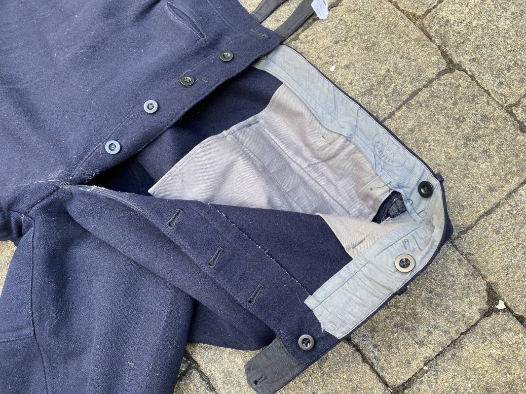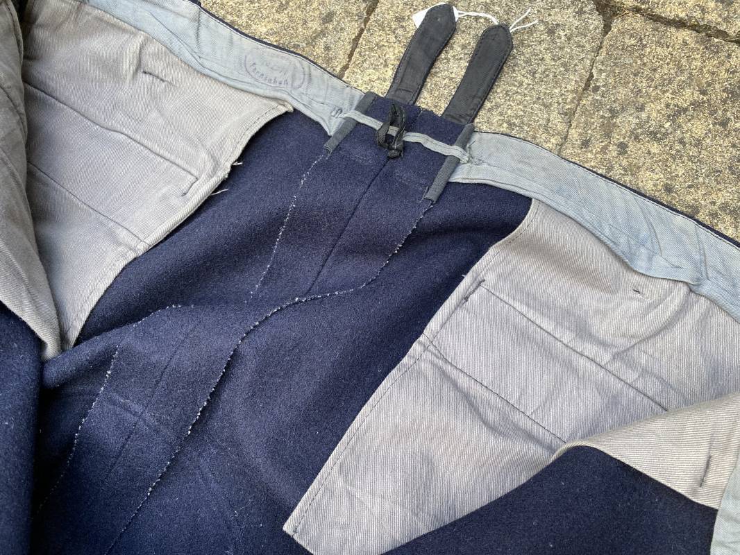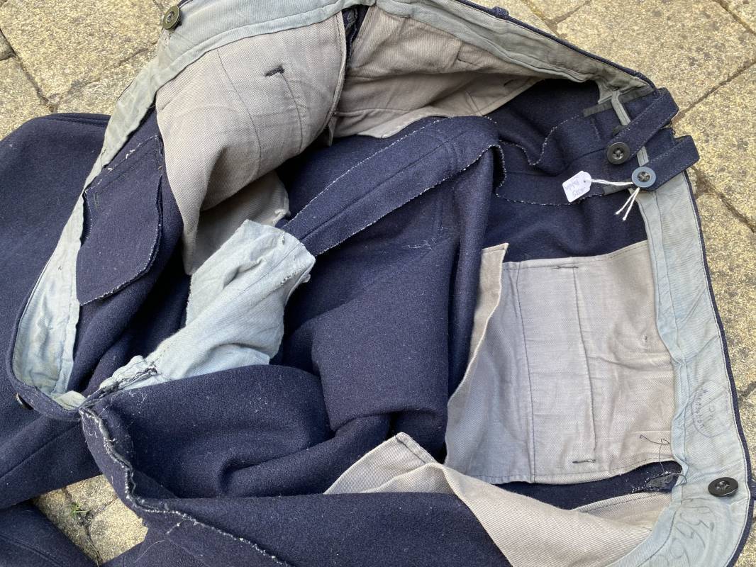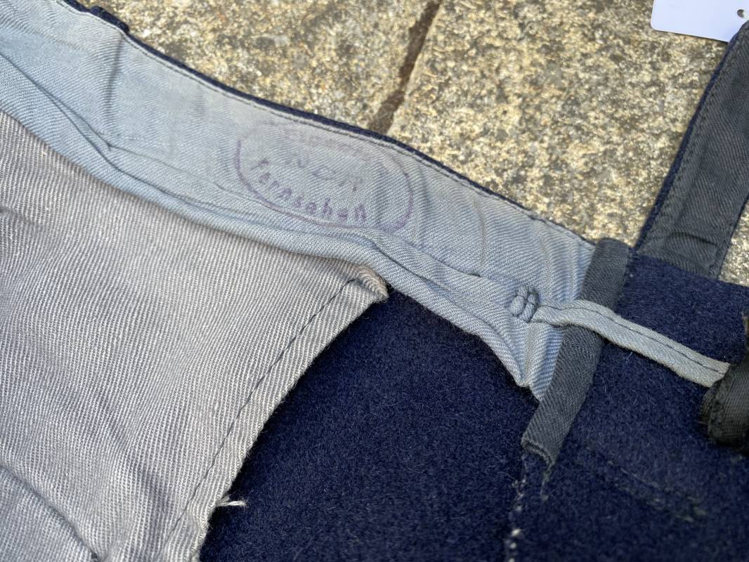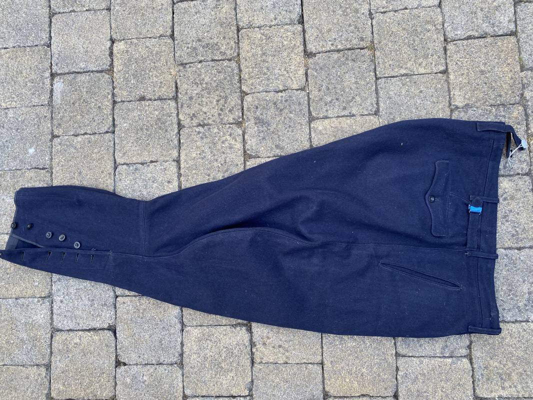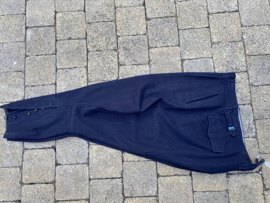 Belle culotte d'un officier de la Kriegsmarine en drap bleu nuit. Cette culotte a été retrouvée au Havre (76). 100% nature et intouchée. Culotte en drap bleu nuit. Boutons en plastique noir cousus d'origine. Pattes de serrage de taille lattérales en drap avec boucles bronzées. Passants de ceinturon en drap. Poche à gousset. Quatre poches dont deux fessières. Bas des jambes boutonnés. Intérieur doublé en coton gris. Tampon encre du fabricant Fernsahem et matricule.Taille 50 Longueur 110cm. Culotte légèrement portée en parfait état 1935/45. Ref 16585
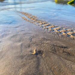 Wir haben in diesem Urlaub gelernt, dass die Gezeiten sich täglich verschieben. Der Gezeitenzyklus, also einmal Ebbe und Flut, dauert ca 12 Stunden und 25 Minuten. Es gibt also zwei mal am Tag High Tide und zwei mal Low Tide, die sich immer weiter verschieben. Deshalb muss man jeden Tag neu in den Gezeitenkalender oder auf die Tafeln am Strand schauen, damit man nicht in Schwierigkeiten kommt. Wieder was gelernt 🙃
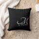 Faux Silver Glitter Embossed Silver Monogram Black Kussen
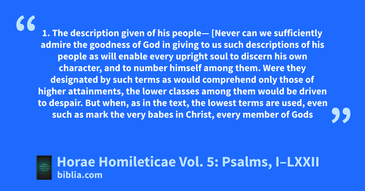1. The description given of his people— [Never can we sufficiently admire the goodness of God in giving to us such descriptions of his people as will enable every upright soul to discern his own character, and to number himself among them. Were they designated by such terms as would comprehend only those of higher attainments, the lower classes among them would be driven to despair. But when, as in the text, the lowest terms are used, even such as mark the very babes in Christ, every member of Gods
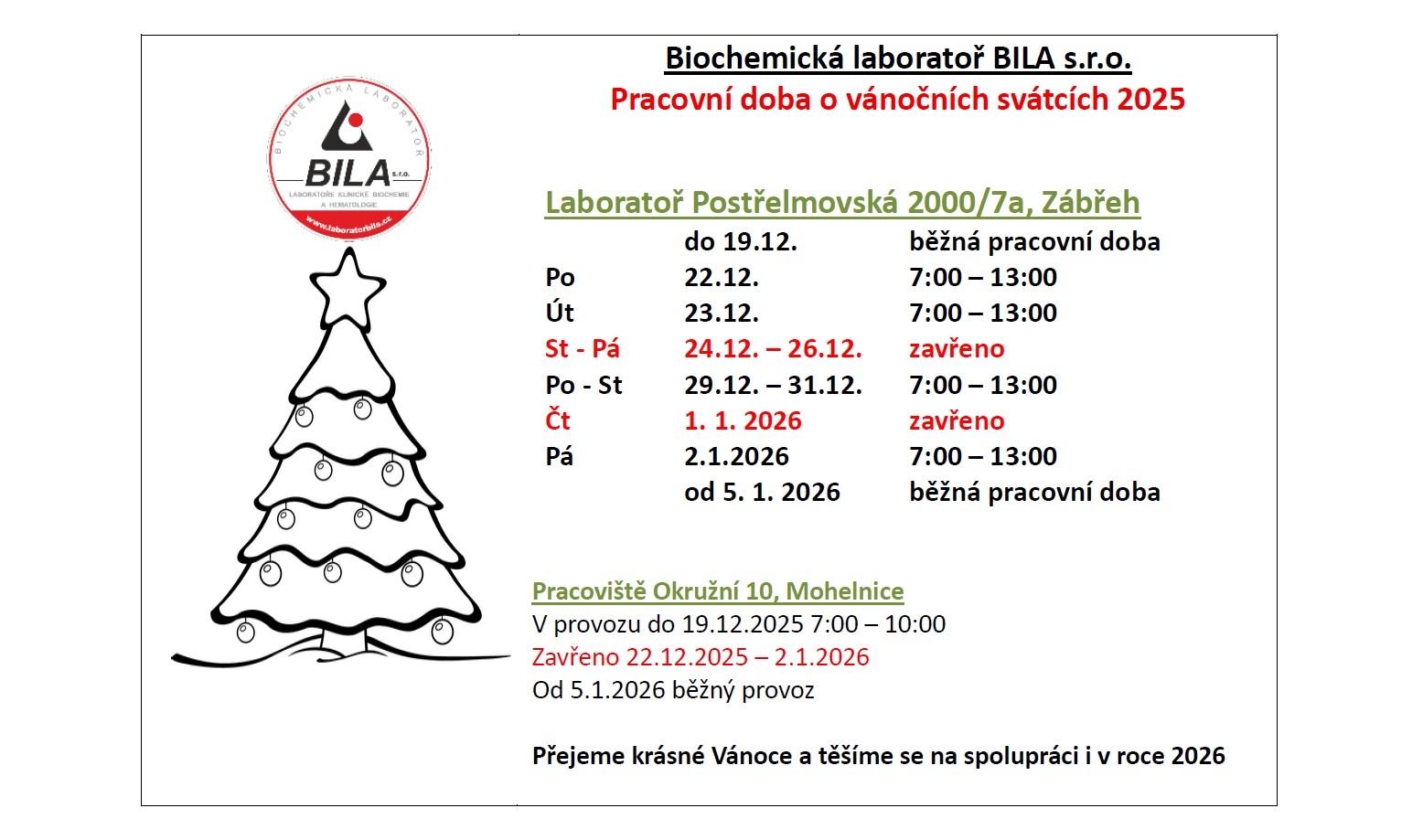 Centrální telefon: 583 416 449Zelená linka: 800 100 124Email: laborator@laboratorbila.cz
++++++
• [About this exercise]: Using the entries above, reproduce word for word only the lines from the one that contains "Wir haben in" to the one that contains "Faux Silver Glitter", both ends included, and drop every picture.

• [The answer]:
 Wir haben in diesem Urlaub gelernt, dass die Gezeiten sich täglich verschieben. Der Gezeitenzyklus, also einmal Ebbe und Flut, dauert ca 12 Stunden und 25 Minuten. Es gibt also zwei mal am Tag High Tide und zwei mal Low Tide, die sich immer weiter verschieben. Deshalb muss man jeden Tag neu in den Gezeitenkalender oder auf die Tafeln am Strand schauen, damit man nicht in Schwierigkeiten kommt. Wieder was gelernt 🙃
 Faux Silver Glitter Embossed Silver Monogram Black Kussen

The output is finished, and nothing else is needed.